Time-Dependent NNQMC, LVM, and Canonical AFQMC

This note is a method-first tutorial. The model can be a spin system, a fermion lattice Hamiltonian, or a continuum many-electron problem after choosing a basis. The common goal is to compute either real-time dynamics or the corresponding canonical thermal benchmark.

The three algorithms play different roles. Time-dependent NNQMC represents $\lvert\psi(t)\rangle$ by a neural state $\lvert\psi_{\theta(t)}\rangle$ and evolves $\theta(t)$ by a time-dependent variational principle. The Linear Variational Method (LVM) represents $\lvert\psi(t)\rangle=\sum_k c_k(t)\lvert\phi_k\rangle$ in a fixed subspace and solves projected dynamics. Canonical AFQMC samples finite-temperature equilibrium in a fixed particle-number or symmetry sector.

Notation

Let $x$ be a computational-basis configuration and $\psi_\theta(x)=\langle x\vert\psi_\theta\rangle$. Neural quantum Monte Carlo samples

p_\theta(x)=\frac{\lvert\psi_\theta(x)\rvert^2}{\sum_y\lvert\psi_\theta(y)\rvert^2}.

For any operator $A$, the local estimator is

A_{\rm loc}(x)=\frac{\langle x\vert A\vert\psi_\theta\rangle}{\psi_\theta(x)} =\sum_y A_{xy}\frac{\psi_\theta(y)}{\psi_\theta(x)}, \qquad \langle A\rangle=E_{x\sim p_\theta}[A_{\rm loc}(x)].

The practical primitive is simple: for each sampled $x$, enumerate all connected configurations $y$ with $A_{xy}\ne0$, compute $\psi_\theta(y)/\psi_\theta(x)$, multiply by $A_{xy}$, and sum.
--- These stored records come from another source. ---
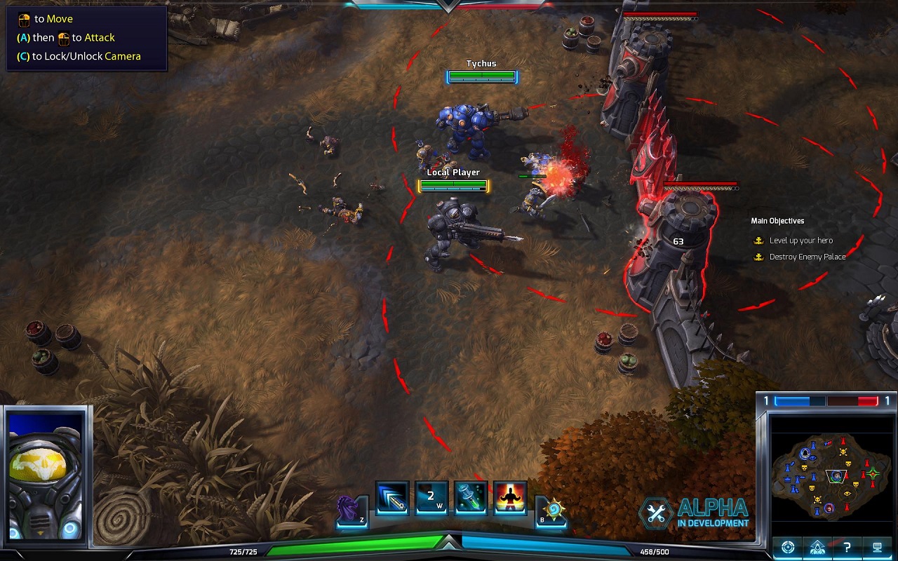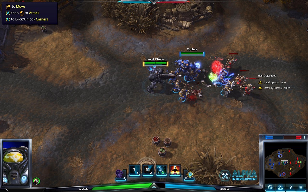 • Яркая графика. Разработчики постарались, создавая свой мир. Тем не менее, множество площадок – это просто улучшенные с помощью современных технологий локации из игр от Blizzard. Поэтому, не нужно сильно удивляться, если вы заметите знакомые просторы из Warcraft, Diablo, или Starcraft. Кроме того, все персонажи также заимствованы из различных проектов от Blizzard Entertainment.• Динамичный игровой процесс. В игре отсутствует закупка предметов для персонажей. Все умения прокачиваются постепенно, но их стало меньше, чем в той же Доте. Кроме того, в игрушке вам не нужно отделяться от команды, чтобы повысить свой уровень. Наоборот, нужно действовать вместе, уничтожать противников, и только тогда можно победить.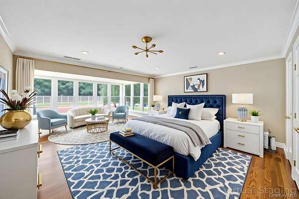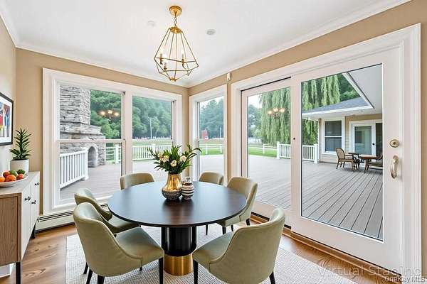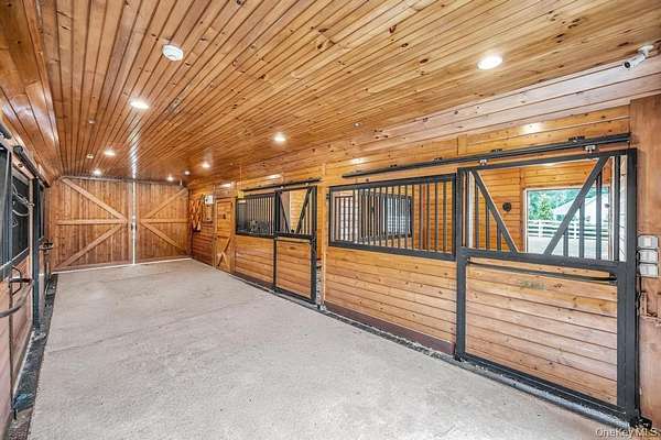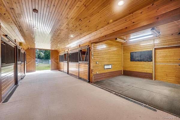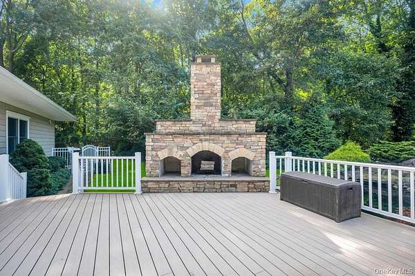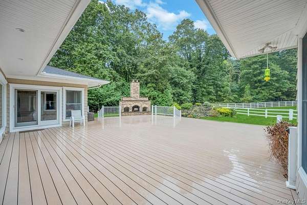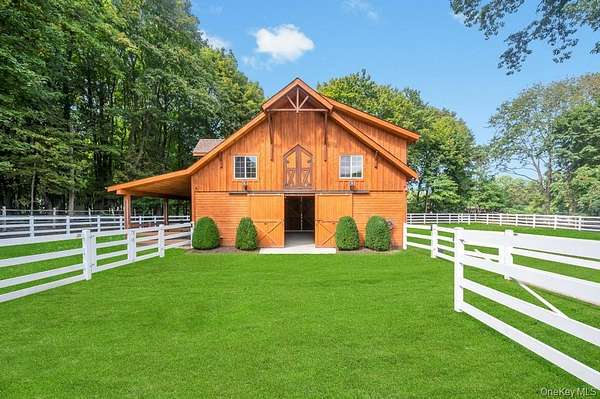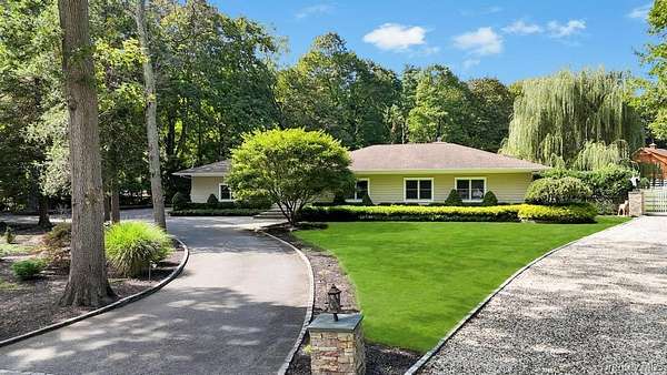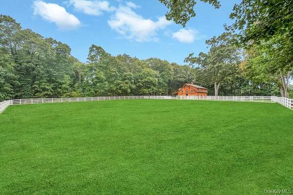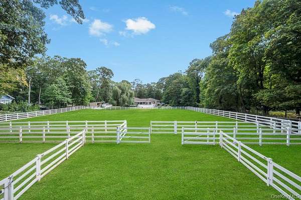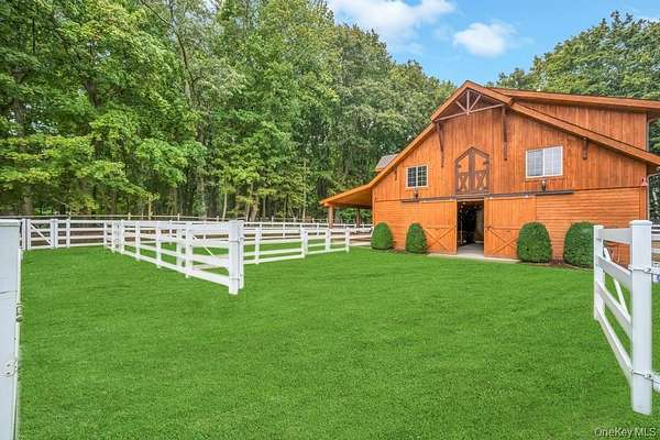 Welcome to 109 Oakside Dr., your dream equestrian retreat, set on 2 scenic acres in the heart of Smithtown. This updated 4-bed, 3.5-bath ranch blends easy single-level living with true equestrian amenities. An eat-in kitchen with granite counters and stainless appliances opens to a spacious family room anchored by a stone fireplace. Throughout the home you'll find hardwood floors, custom millwork, and recessed lighting. The private main bedroom offers direct access to a low-maintenance Azek deck overlooking a serene backyard with outdoor fireplace, waterfall, and koi pond. A finished basement adds flexible recreation/storage space. For horse enthusiasts: a meticulously maintained barn with 4 heated stalls, tack room, washroom, and hayloft; plus a PVC-fenced paddock with lighting and irrigation for year-round care. Move-in ready and thoughtfully appointed-an exceptional property where comfort, convenience, and equestrian living come together.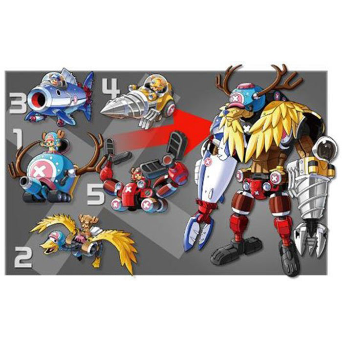 Als Arzt muss man so schnell wie möglich an verschiedenen Orten sein, um Wunden zu pflegen, Gliedmaßen zu verbinden und natürlich auch um Bösewichten aufs Maul zu hauen. Na gut, im Medizinstudium lernt man letzteres vielleicht nicht unbedingt – aber als Mitglied der Strohhüte schon! Und der kleine Tony Chopper schlägt sich (wortwörtlich) ganz hervorragend. Damit er all diese wichtigen Tätigkeiten weiterhin erfüllen kann, stehen ihm diese Vehikel für Land, Luft und Wasser bereit. Du musst sie nur noch zusammenbauen!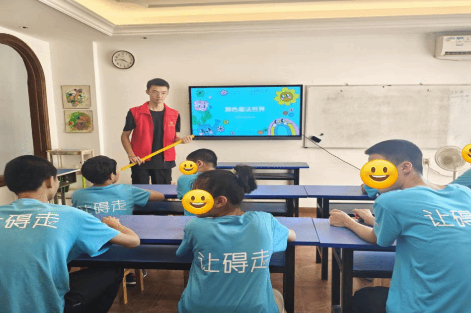 在课堂环节,志愿者精心制作多媒体课件,向儿童讲授趣味性知识,有效拓展其认知视野;同时,积极配合教师开展生活自理技能训练、体育课程、音乐活动及互动游戏等,涵盖指导儿童整理个人物品、组织户外体育活动以增强体能、带领音乐互动及团体游戏等内容,全程以专业态度和饱满热情陪伴儿童度过充实的时光。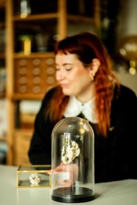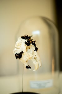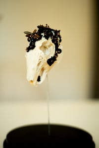 Ce crâne de lapin domestique, dont l'ennoblissement par les perles, les cristaux et les pierres Swarovski aura nécessité 7 heures de broderie, est présenté sous une cloche de verre au socle de bois.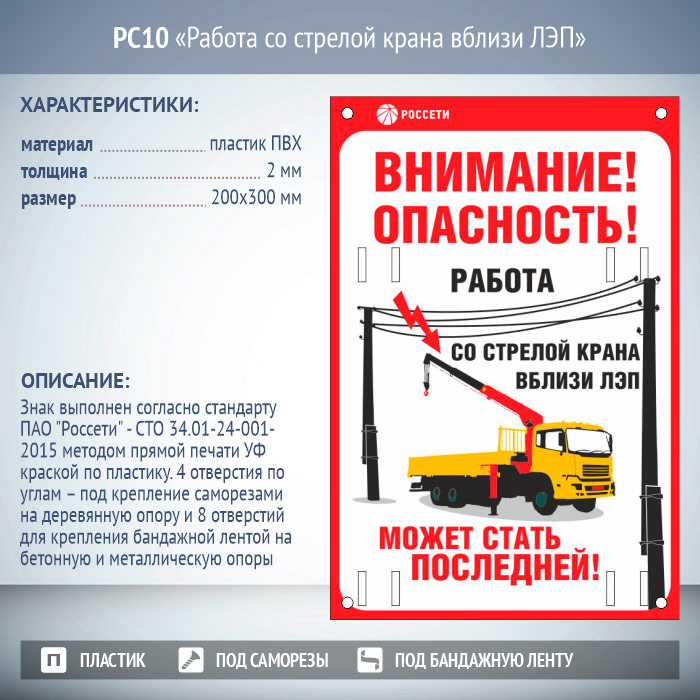 Знак «Работа со стрелой крана вблизи ЛЭП», РС10 (пластик 2 мм, 200х300 мм, отверстия под бандажную ленту) в Омске купить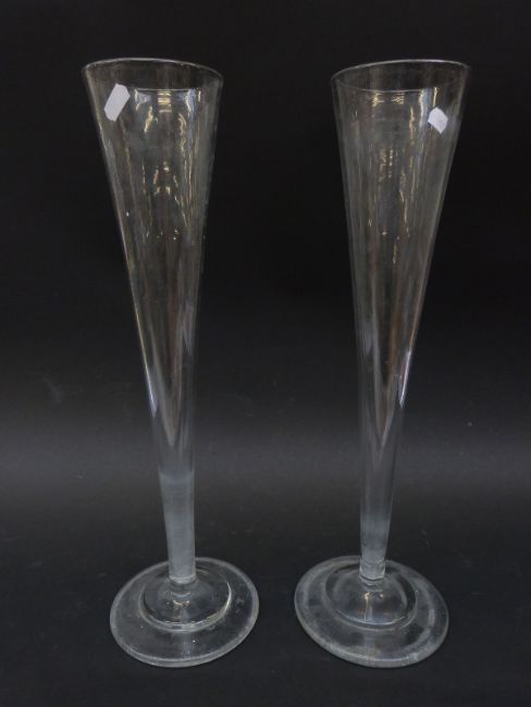 A pair of large glass trumpet vases, 48cm tall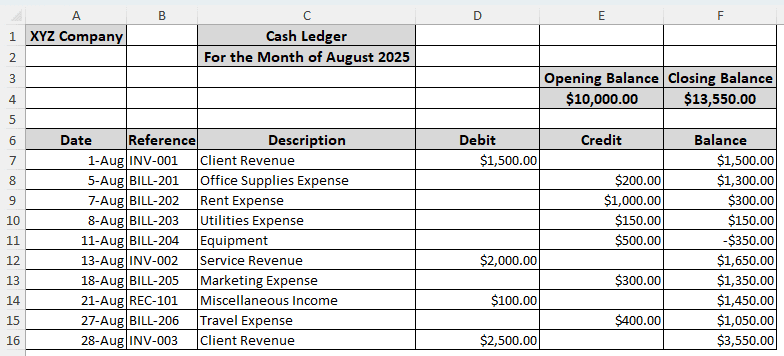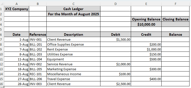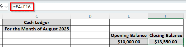 ➤ Use the opening balance for E4 and the ending running balance for F16.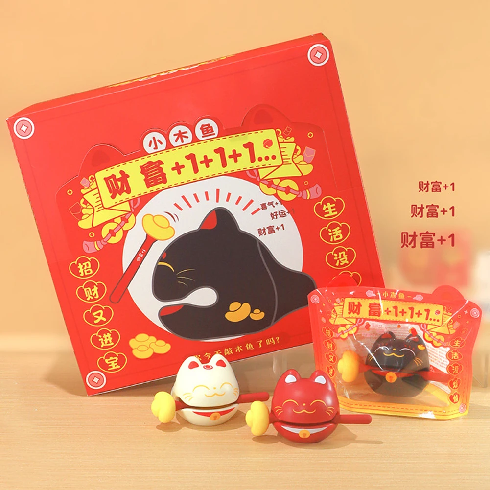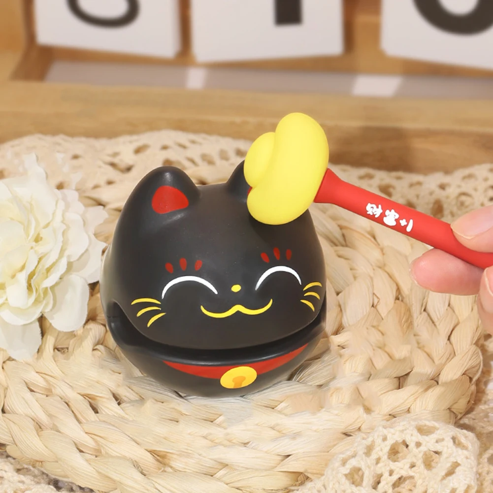Zen Block Drum Mokugyo Lucky Cat Shape Wood Fish Temple Block Ornament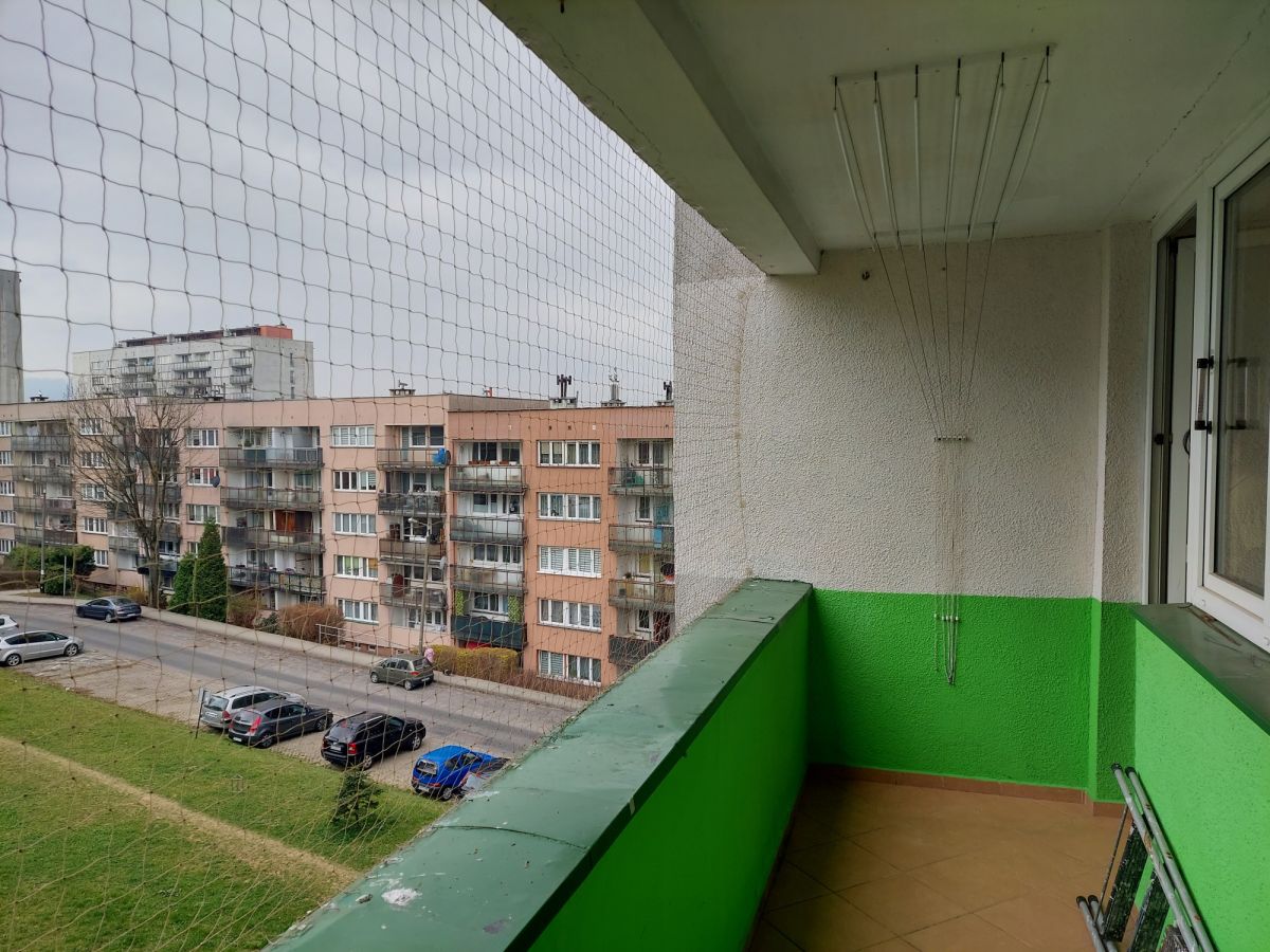 Skład lokalu: salon z dużym balkonem, dwie sypialnie, kuchnia, łazienka, wc, przedpokój.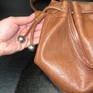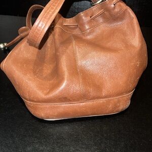 Stylish and versatile brown leather bucket bag. Perfect for everyday use with a spacious interior. Can carry as longer strap or double up for shoulder, silver ball hardware on drawstring, good vintage condition—please note wear visible but minimal like scratch marks on leather some wear on straps or exterior edges ..see all photos

For fermions, this is where operator-ordering signs enter.

1. Time-Dependent NNQMC

Exact real-time evolution obeys

\frac{d}{dt}\lvert\psi(t)\rangle=-iH(t)\lvert\psi(t)\rangle.

TD-NNQMC restricts the state to a variational manifold $\lvert\psi_{\theta(t)}\rangle$ and chooses $\dot\theta$ so that $\sum_j\dot\theta_j\lvert\partial_j\psi_\theta\rangle$ is as close as possible to $-iH\lvert\psi_\theta\rangle$.

Log-Derivative Geometry

Define logarithmic derivatives $O_j(x)=\partial_{\theta_j}\log\psi_\theta(x)$. Then $\partial_{\theta_j}\psi_\theta(x)=O_j(x)\psi_\theta(x)$. Remove norm/phase redundancy by centering: $\Delta O_j(x)=O_j(x)-E[O_j]$ and $\Delta E(x)=E_{\rm loc}(x)-E[E_{\rm loc}]$.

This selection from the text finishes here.